● PROBLEM DETAILS
Pictures should be left out when the listing below is repeated word for word.

-- DATA SHOWN follows --

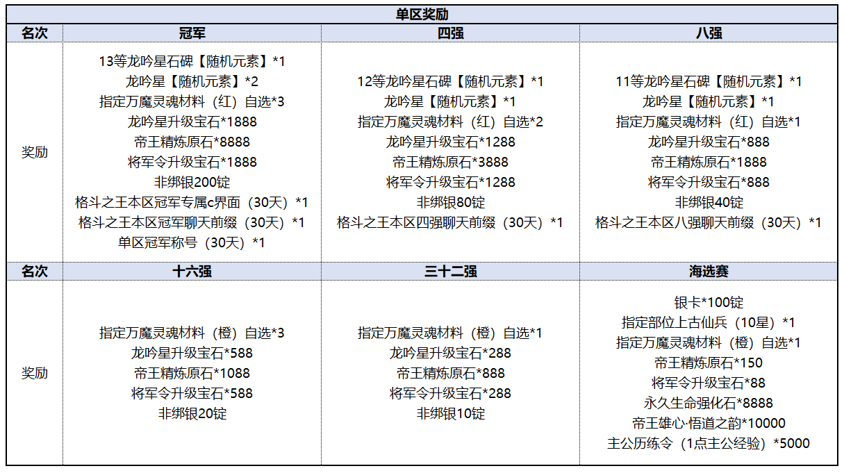 ·单区冠军可获得13等龙吟星石碑【随机元素】、龙吟星【随机元素】、指定万魔灵魂材料(红)自选、200锭非绑银!
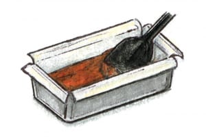 4. パウンド型やバッドにオーブン用シートを敷き、3を入れて平らにならす。
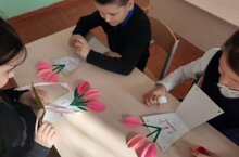 В преддверии Международного женского дня, в нашей школе прошёл мастер-класс по изготовлению поздравительной открытки к Международному женскому Дню.

-- DATA SHOWN concluded --

● OUTPUT FOR THIS TASK
 ·单区冠军可获得13等龙吟星石碑【随机元素】、龙吟星【随机元素】、指定万魔灵魂材料(红)自选、200锭非绑银!
 4. パウンド型やバッドにオーブン用シートを敷き、3を入れて平らにならす。
 В преддверии Международного женского дня, в нашей школе прошёл мастер-класс по изготовлению поздравительной открытки к Международному женскому Дню.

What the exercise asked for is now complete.